§ **Work request**:
Transcribe exactly the lines from the first line of the records through the line containing "Camicie medievali da", and leave out every picture.

Records from a dataset:
********

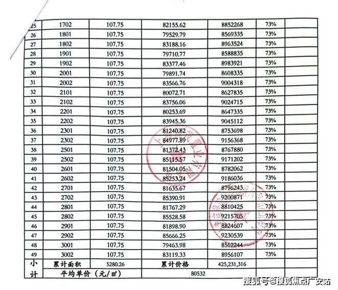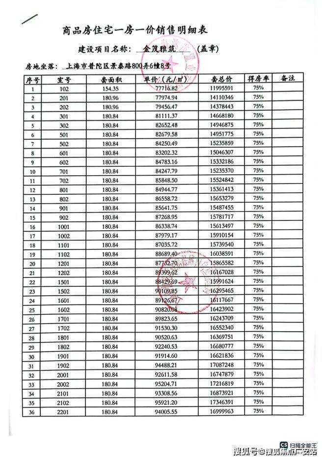 一房一价表:
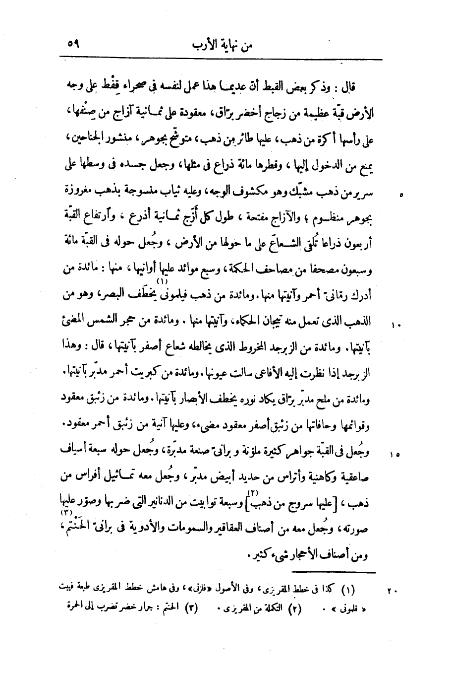 قال: وذكر بعض القبط أنّ عديما هذا عمل لنفسه فى صحراء قفط على وجه الأرض قبّة عظيمة من زجاج أخضر برّاق، معقودة على ثمانية آزاج من صنفها، على رأسها أكرة من ذهب، عليها طائر من ذهب، متوشّح بجوهر، منشور الجناحين، يمنع من الدخول إليها، وقطرها مائة ذراع فى مثلها، وجعل جسده فى وسطها على سرير من ذهب مشبّك وهو مكشوف الوجه، وعليه ثياب منسوجة بذهب مغروزة بجوهر منظوم؛ والآزاج مفتحة، طول كل أزج ثمانية أذرع، وارتفاع القبّة أربعون ذراعا تلقى الشعاع على ما حولها من الأرض، وجعل حوله فى القبّة مائة وسبعون مصحفا من مصاحف الحكمة، وسبع موائد عليها أوانيها، منها: مائدة من أدرك رمّانىّ أحمر وآنيتها منها. ومائدة من ذهب فيلمونى «1» يخطف البصر، وهو من الذهب الذى تعمل منه تيجان الحكماء، وآنيتها منها. ومائدة من حجر الشمس المضئ بآنيتها. ومائدة من الزبرجد المخروط الذى يخالطه شعاع أصفر بآنيتها، قال: وهذا الزبرجد إذا نظرت إليه الأفاعى سالت عيونها. ومائدة من كبريت أحمر ومدبّر بآنيتها.
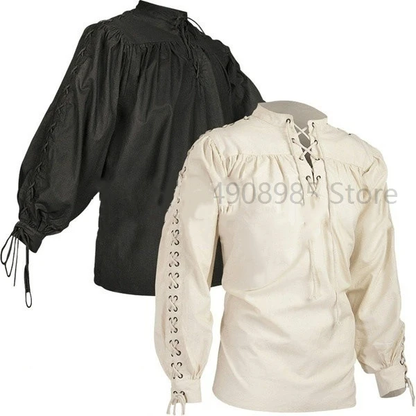 Camicie medievali da uomo Tunica Costume da pirata Abiti gotici Camicia vintage da uomo Scollo con volant Coulisse Cavaliere Cosplay Halloween
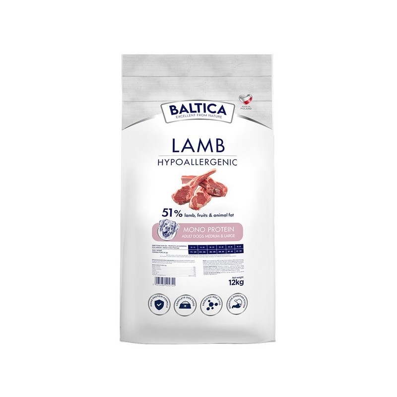 BALTICA NUTRACEUTIC Hypoallergenic Lamb and Rice to wysokiej jakości hipoalergiczna sucha karma, stworzona specjalnie dla psów średnich ras. Receptura oparta na mięsie jagnięcym dostarcza wartościowego białka, które jest lekkostrawne i idealne dla psów z wrażliwym układem pokarmowym. Dodatek lekkostrawnego ryżu wzmacnia działanie wspomagające trawienie, dzięki czemu karma jest doskonałym wyborem dla psów o skłonnościach do problemów trawiennych lub alergii.
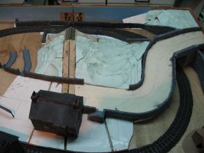 The base of the scenery is made of expanded polystyrene, cut and formed with a heated wire.
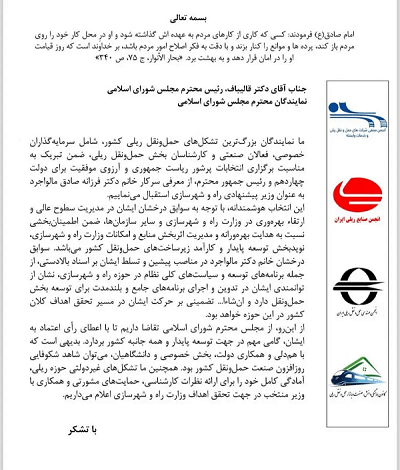 در نامه انجمن صنفی شرکتهای حملونقل ریلی و خدمات وابسته، انجمن صنایع ریلی ایران، انجمن مهندسی حملونقل ریلی ایران و کانون هماهنگی دانش، صنعت و بازار حملونقل ریلی به محمدباقر قالیباف، رئیس مجلس شورای اسلامی در حمایت از معرفی خانم فرزانه صادق مالواجرد بهعنوان وزیر پیشنهادی راه و شهرسازی دولت چهاردهم آمده است: «ما نمایندگان بزرگترین تشکلهای ریلی کشور، شامل سرمایهگذاران خصوصی، فعالان صنعتی و علمی حوزه حملونقل ریلی، ضمن تبریک به مناسبت برگزاری انتخابات پرشور ریاستجمهوری و آرزوی موفقیت برای دولت سیزدهم و رئیسجمهور، از انتخاب شایسته «فرزانه صادق مالواجرد» بهعنوان وزیر پیشنهادی راه و شهرسازی استقبال گرم میکنیم.»
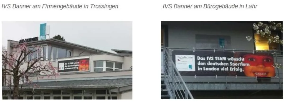Unter dem Motto „Das IVS TEAM wünscht den deutschen Sportlern in London viel Erfolg“ präsentiert sich nun das IVS Banner dem zahlreichen Auto- und Fußgängerverkehr am Ortseingang von Trossingen und im Industriegebiet in Lahr.
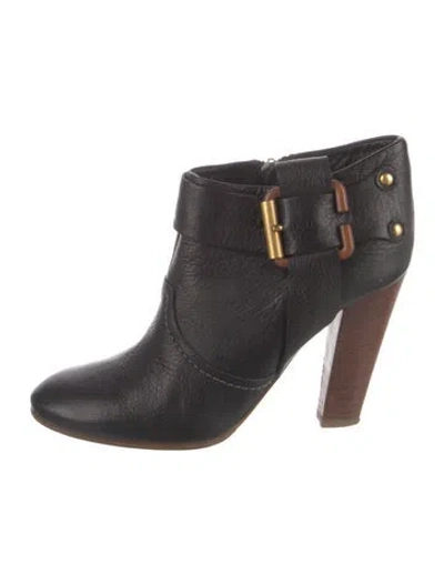 Chloé Leather Ankle Boots Black Semi-Pointed Toes Wrap-Around Straps & Exposed Zip Closure at Sides Fit: This style typically runs a half size small. Unfortunately, due to restrictions, this item may not be eligible for shipping in all areas. | Chloé Leather Boots in Black, Women's IT 38 | 8
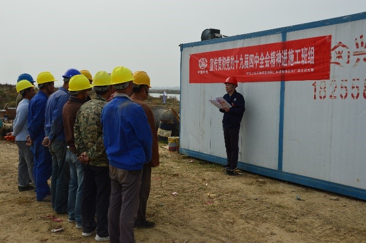117日,潁上項目黨支部組織進工區、進班組活動宣貫黨的十九屆四中全會精神潁上水廠項目分為三個施工區,相互距離較遠,且處于施工任務攻堅的關鍵階段,為使黨的十九屆四中全會精神及時宣貫到項目的每名黨員干部、施工一線工人,落實黨的基層組織建設,黨支部決定開展宣貫進工區、進班組活動。每到一處宣貫現場,項目書記向大家宣講會議召開背景、全會提出的總體目標、工作要求等內容,并結合專家解讀重申重點內容,要求黨員干部統一思想和行動,以強烈的思想自覺、政治自覺和行動自覺,攻堅克難、銳意進取,為加快推進項目施工建設,力保通水目標實現而努力奮斗。結合項目建設存在的問題和面臨的困難,項目書記對項目下步工作做出以下部署:一是聚焦思想,項目部全體員工要認真貫徹落實會議精神,以精神促思想,以思想保建設。二是充分發揮黨員模范示范作用、黨支部戰斗堡壘作用,黨員干部要找差距、抓落實,解決項目的難點熱點問題,力保節點目標完成。三是嚴格制度落實,提升項目建設,確保 “職工小家”建設有內涵,員工有獲得感、幸福感、榮譽感。(楊巧巧)
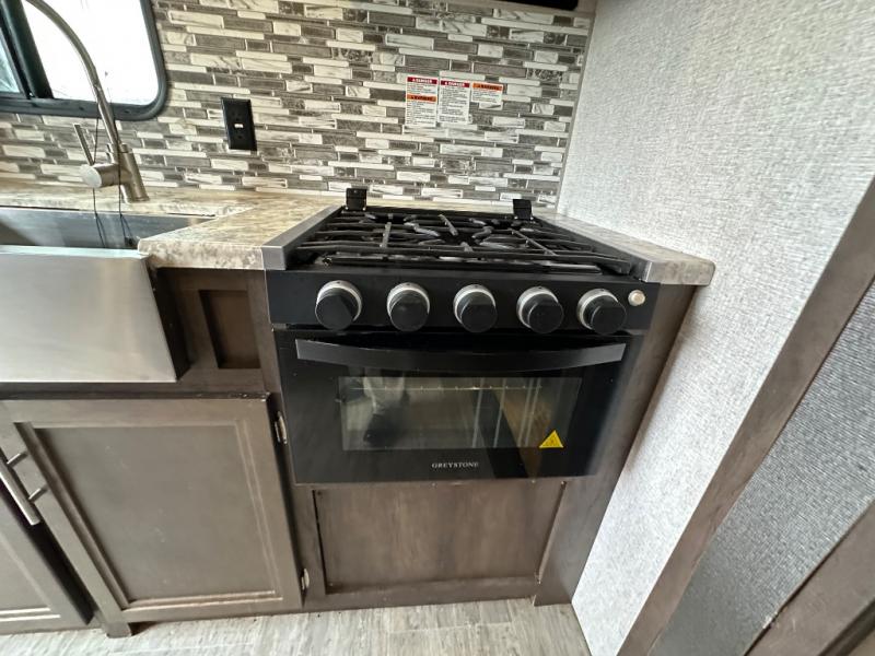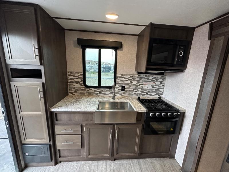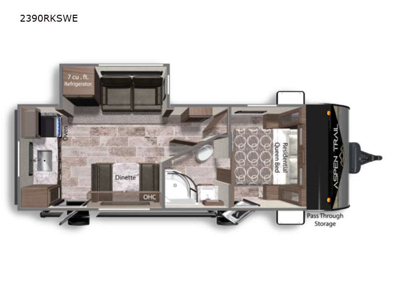 You will love all that this Aspen Trail travel trailer has to offer! From the front master suite which features a queen-size bed and wardrobes on either side to the rear kitchen which features a three-burner range with oven and glass cover, you will have everything you need for great comfort. You will also enjoy how convenient it will be for everyone to access the dual entry bath, and the sofa with EZ storage is located right next to the 7 cu. ft. refrigerator so that you can grab your favorite beverage without even getting up!
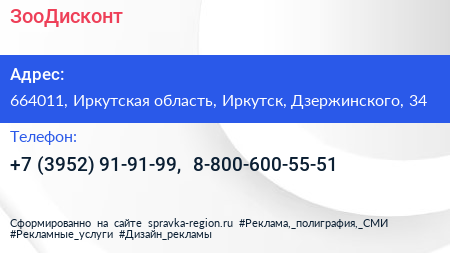 ЗооДисконт по адресу 664011, Иркутская область, Иркутск, Дзержинского, 34 в дальнейшем Организация, размещена в следующих категориях:
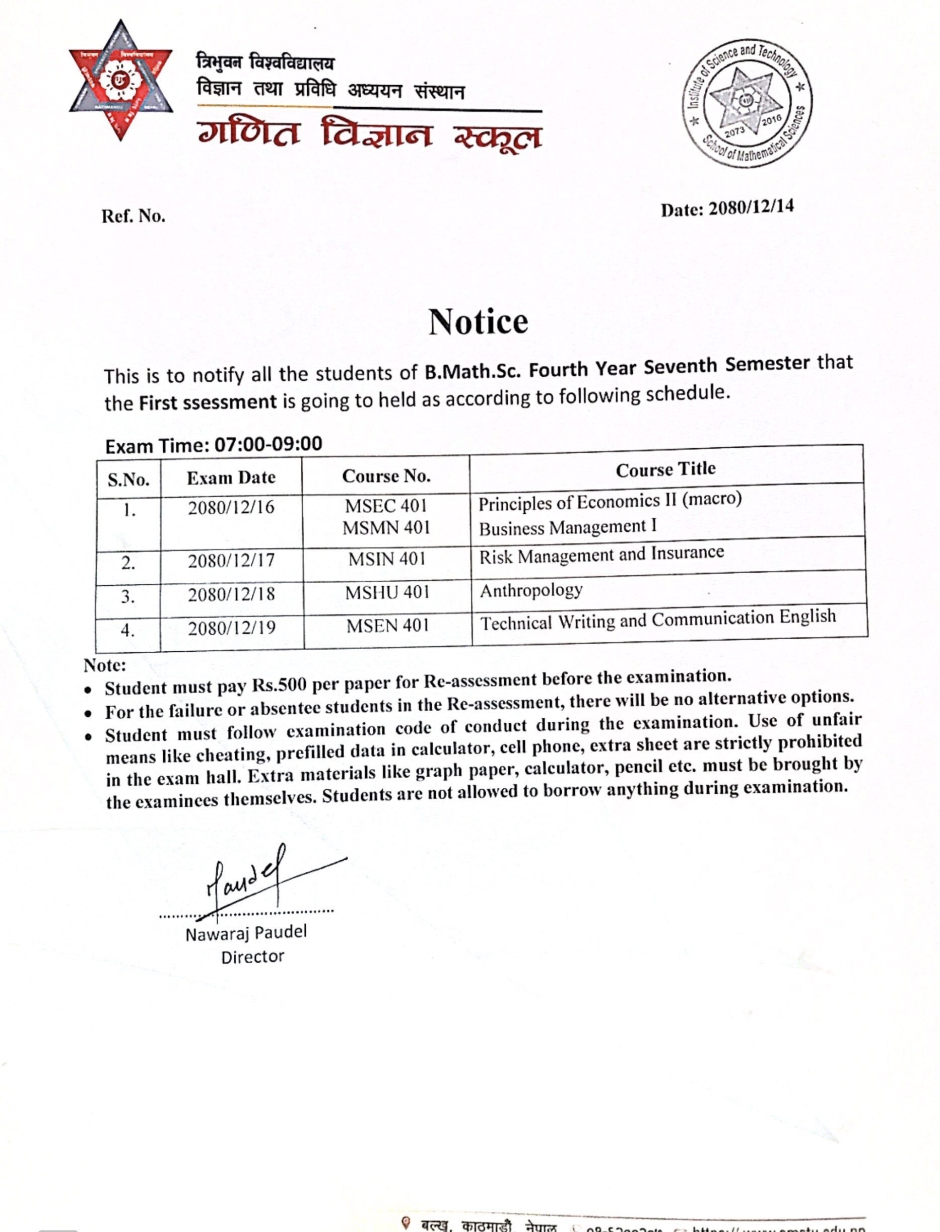 B.Math.Sc Fourth Year Seventh Semester First Reassessment Exam Schedule 2080
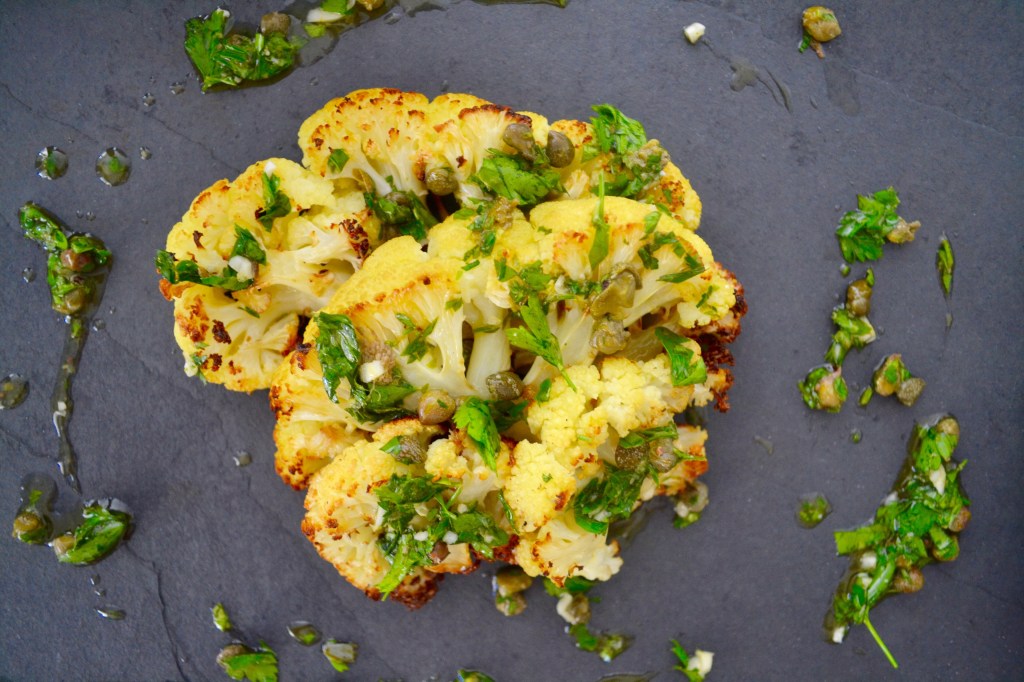 - When the cauliflower has finished cooking, remove it from the oven and use a spatula to transfer it to a serving dish. Serve with a generous pour of the caper sauce and serve immediately.
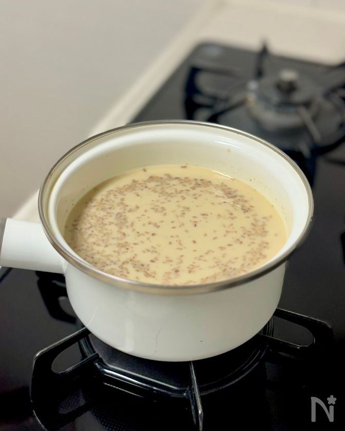 (4) 小鍋に【B】を入れて中火にかけ、煮立ってきたら無調整豆乳を加える。沸騰させないよう、ふつふつ手前で温めたら火を止める。
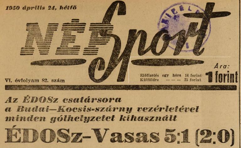 1950.IV.23. ÉDOSZ – Vasas 5:1 Közzétéve: 2009. február 19. csütörtök | Szerző: K@rcsi Egy kattintás ide a folytatáshoz.... →

********

§ **Answer box**:
 一房一价表:
 قال: وذكر بعض القبط أنّ عديما هذا عمل لنفسه فى صحراء قفط على وجه الأرض قبّة عظيمة من زجاج أخضر برّاق، معقودة على ثمانية آزاج من صنفها، على رأسها أكرة من ذهب، عليها طائر من ذهب، متوشّح بجوهر، منشور الجناحين، يمنع من الدخول إليها، وقطرها مائة ذراع فى مثلها، وجعل جسده فى وسطها على سرير من ذهب مشبّك وهو مكشوف الوجه، وعليه ثياب منسوجة بذهب مغروزة بجوهر منظوم؛ والآزاج مفتحة، طول كل أزج ثمانية أذرع، وارتفاع القبّة أربعون ذراعا تلقى الشعاع على ما حولها من الأرض، وجعل حوله فى القبّة مائة وسبعون مصحفا من مصاحف الحكمة، وسبع موائد عليها أوانيها، منها: مائدة من أدرك رمّانىّ أحمر وآنيتها منها. ومائدة من ذهب فيلمونى «1» يخطف البصر، وهو من الذهب الذى تعمل منه تيجان الحكماء، وآنيتها منها. ومائدة من حجر الشمس المضئ بآنيتها. ومائدة من الزبرجد المخروط الذى يخالطه شعاع أصفر بآنيتها، قال: وهذا الزبرجد إذا نظرت إليه الأفاعى سالت عيونها. ومائدة من كبريت أحمر ومدبّر بآنيتها.
 Camicie medievali da uomo Tunica Costume da pirata Abiti gotici Camicia vintage da uomo Scollo con volant Coulisse Cavaliere Cosplay Halloween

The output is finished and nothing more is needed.